In mathematics, a Jónsson–Tarski algebra or Cantor algebra is an algebraic structure encoding a bijection from an infinite set X onto the product X×X. They were introduced by Jónsson & Tarski (1961). Smirnov (1971), named them after Georg Cantor because of Cantor's pairing function and Cantor's theorem that an infinite set X has the same number of elements as X×X. The term Cantor algebra is also occasionally used to mean the Boolean algebra of all clopen subsets of the Cantor set, or the Boolean algebra of Borel subsets of the reals modulo meager sets (sometimes called the Cohen algebra).

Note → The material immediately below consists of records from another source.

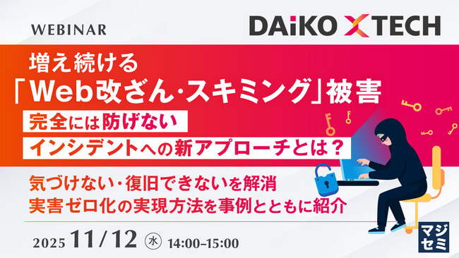 マジセミ株式会社は「増え続ける「Web改ざん・スキミング」被害 完全には防げないインシデントへの新アプローチとは?」というテーマのウェビナーを開催します。
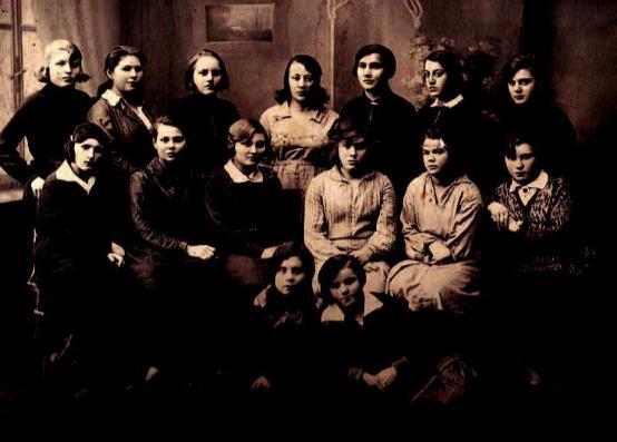 Студентки-выпускницы Ленинградского фармацевтического техникума. Слева вторая сидит Мария Антоновна Иванова. Ленинград. 1935 г.
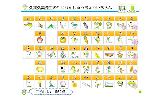 「もじれんしゅうちょう」として特許取得された久我弘美先生のアドバイスの元、ほぼそのままの感覚で使えるようAndroidへ移植しました。
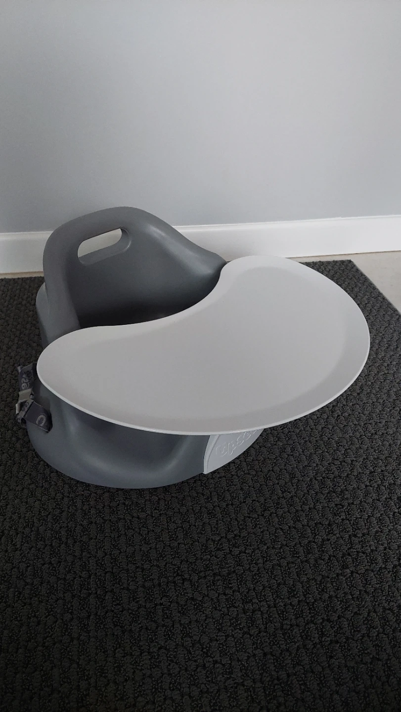 This grey Infant Upseat booster seat is designed for little ones to use at a table. Seat can be secured to dining room chairs. It comes with a detachable tray for convenient meal times. Plastic material makes it easy to clean.
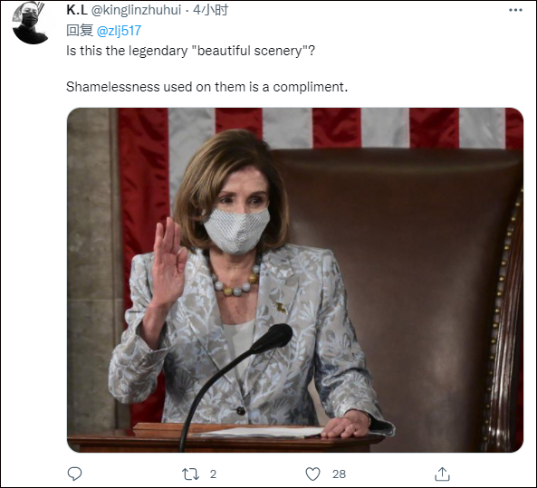 说到“双标”,有网友想到了另外一位“典型”——美国众议院议长佩洛西。
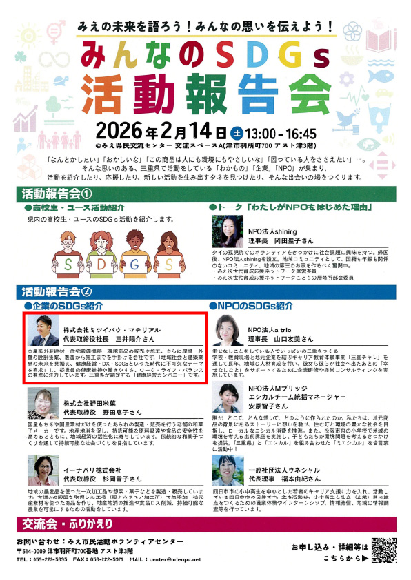 2026.02.02 『みんなのSDGs活動報告会』に社長の三井が登壇いたします
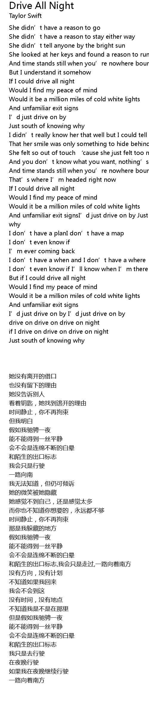 | [01:56.859] | And unfamiliar exit signsI' d just drive on by Just south of knowing why |
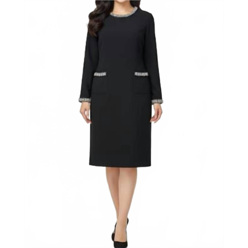 Just add slides or mules and you are good to go.Elevate your wardrobe with the Elegant Midi Dress by Kathie K, designed for sophisticated workwear and dinner parties. This solid black, shift silhouette dress features long sleeves and a classic crewneck. It includes a convenient zip closure and handy pockets, making it both stylish and functional. Perfect for fall and New Year's Eve occasions.
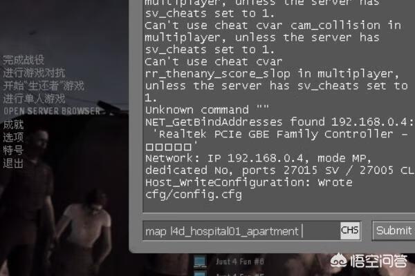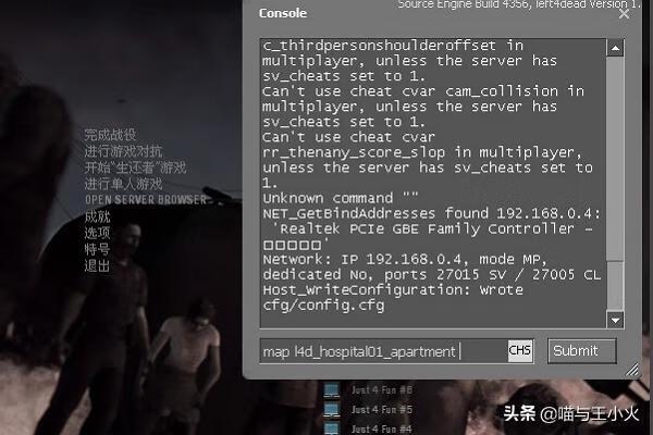 2、输入“map地图代码”建立主机。(如map l4d_hospital01_apartment ) 二代格式为:“map地图代码游戏模式“。
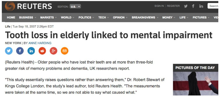 Ahh yes, we all know that childhood song: “The head bone’s connected to the brain bone, the brain bone’s connected to the tooth bone…” My favorite part of this story is the quote from Dr. Stewart at the end of the second paragraph: “… so we are not able to say what caused what.” That may be true, but I can tell you what certainly did NOT directly cause dementia… losing your teeth. One may be surprised to learn that we don’t store memories in our teeth. While it is entirely possible that losing ones teeth indirectly increases the risk of dementia (perhaps through changing diets, bacterial infection, etc.) to say that simply losing ones teeth could potentially cause dementia starts with a profound misunderstanding of human cognition, and ends with a questionable understanding of human anatomy. Again, this is not to say this is a spurious correlation (although it may be), but Reuters makes a causal claim from correlational data in their first sentence: “Older people who have lost their teeth are at more than three-fold greater risk of memory problems and dementia”. Perhaps those with dementia are less likely to remember oral hygiene and therefore begin losing their teeth. This would be a testable causal claim. But I cannot stress this enough: your brain is not stored in your teeth and therefore losing your teeth cannot directly lead to memory problems.

The group of order-preserving automorphisms of the free Jónsson–Tarski algebra on one generator is the Thompson group F.

==Definition==

A Jónsson–Tarski algebra of type 2 is a set A with a product w from A×A to A and two 'projection' maps p_{1} and p_{2} from A to A, satisfying p_{1}(w(a_{1},a_{2})) = a_{1}, p_{2}(w(a_{1},a_{2})) = a_{2}, and w(p_{1}(a),p_{2}(a)) = a. The definition for type > 2 is similar but with n projection operators.

==Example==

If w is any bijection from A×A to A then it can be extended to a unique Jónsson–Tarski algebra by letting p_{i}(a) be the projection of w^{−1}(a) onto the ith factor.